# Where to fish around nelsonville?



## Fish G3 (Jul 16, 2008)

I am a new student at Hocking College and am really rather new to the area. Im spoiled back in southwestern ohio where I know most of the lakes pretty well...and have no idea down here. I fish mainly for largemouth never fished a river except once and all my fishing will be done by walking the bank...any suggestions to whats good around here any info would be great. Thanks G3


----------



## 1MoreKast (Mar 15, 2008)

Hey G3, anywhere on the river that holds deep water and slow current will hold some decent smallies, I go to OU and if you fish the stretch from Stimson Ave. Bridge to White's Mill you are gauranteed some fish. You will catch all kinds of species. Last year I caught flathead, smallies, sauger, saugeye, a gar, white bass, large mouth and crappie out of this river. It holds an incredible amount of fish. I would just throwing smaller lures like rooster tails, grubs, tubes, shallow running crank baits and even tiny 1/4 oz spinner baits...the river fluctuates between rains, right now it's pretty low, but you can still find some decent holes.
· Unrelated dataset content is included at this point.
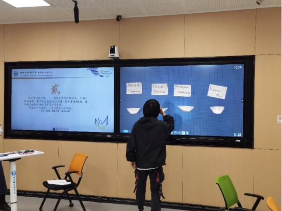 接下来是“文学常识之作家代表作连线”。每组派出一名同学参与;为增加该游戏难度并考查同学们对文学知识掌握情况,游戏规则设置为每名队员出发连词前需要在原地转5圈,再跑到答题板前进行连线,正确率高者为胜。
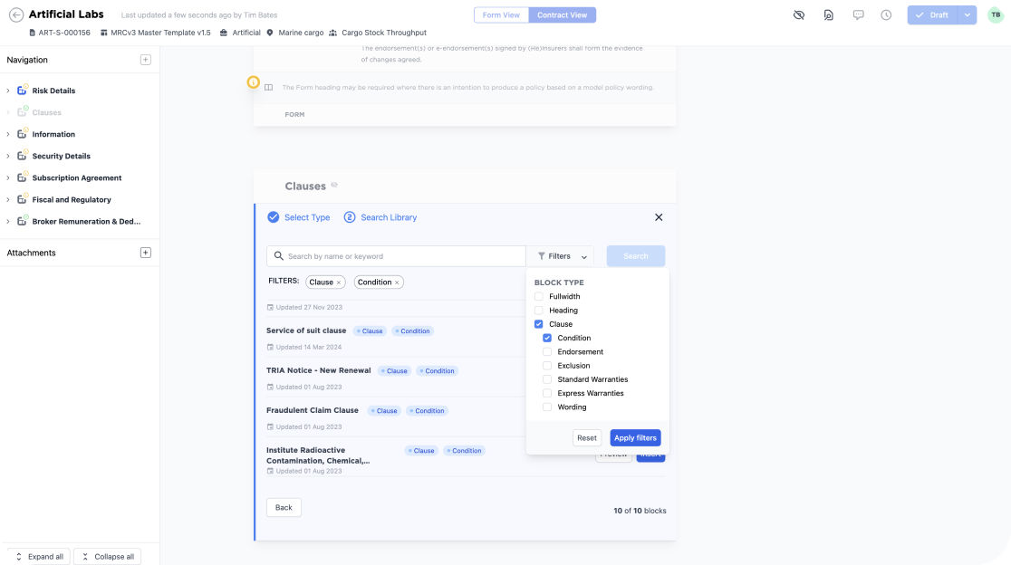Contract Builder is a digital contract building platform that is MRCv3 compliant and leverages editing and formatting features that unify templates across teams and improves broker efficiency. Integrating seamlessly into BMS’s existing ‘Broker Workbench’, Contract Builder empowers BMS teams to merge risk models and legal documents with precise, compliant and automatically populated data, starting with the slip assembly process.

Clear Creek is supposed to be stocked sometime this fall with brown trout, it's the road where the sunoco is on 33. I'll be headin up there as soon as i find out when.


----------



## slimdaddy45 (Aug 27, 2007)

theres an old gravel pit right beside the school i fished when i was a kid that had some monster bass and pumpkinseed sunfish in it but i dont know if your allowed to fish there or not i fished it when they was still digging sand out of it i just live out the road from there the river is full of nice smallmouth


----------



## riverKing (Jan 26, 2007)

the gravel pit is great but it will get you in trouble, killer for big crappie if you can find and reach them, and clear creek is stocked but I beg people not to fish worms and that they release the trout because first off you wont catch any keepers, and second you could catch the 5in stockers on a cigarette but for the first week but then they get really tough..I wonder why, oh yeah lots of people try and catch them. if you like largemouth, snowden is in my opinion one of the best bass lakes in ohio but also one of the most difficult to fish, try sight fishing, stand on top of the hill and spot them then go catch them, burr oak is good, rose has some big fish..good luck lol. just go throw a black buzzbait in the hocking, or a zara spook, fish fast you will catch somthing. there are some ponds scattered through wayne national, they have fish, some big fish, not my favorite places to fish but they will take buzzbaits, sluggos, frogs, and jigs, its tight fishing and all that. unfortunatly its not the fishing back here, I was kinda bumbed by it when I got out there, get used to fishing the river, and if you want to break some rods try racine for hybrids.


----------



## Fish G3 (Jul 16, 2008)

thanks for all the info its greatly appreciated. it seems like i will have to try out river fishin then...


----------



## slimdaddy45 (Aug 27, 2007)

riverKing said:


> the gravel pit is great but it will get you in trouble, killer for big crappie if you can find and reach them, and clear creek is stocked but I beg people not to fish worms and that they release the trout because first off you wont catch any keepers, and second you could catch the 5in stockers on a cigarette but for the first week but then they get really tough..I wonder why, oh yeah lots of people try and catch them. if you like largemouth, snowden is in my opinion one of the best bass lakes in ohio but also one of the most difficult to fish, try sight fishing, stand on top of the hill and spot them then go catch them, burr oak is good, rose has some big fish..good luck lol. just go throw a black buzzbait in the hocking, or a zara spook, fish fast you will catch somthing. there are some ponds scattered through wayne national, they have fish, some big fish, not my favorite places to fish but they will take buzzbaits, sluggos, frogs, and jigs, its tight fishing and all that. unfortunatly its not the fishing back here, I was kinda bumbed by it when I got out there, get used to fishing the river, and if you want to break some rods try racine for hybrids.


so your not allowed to fish the gravel pit now i fished there before the school bought it ive always wondered if they allowed fishing or not


----------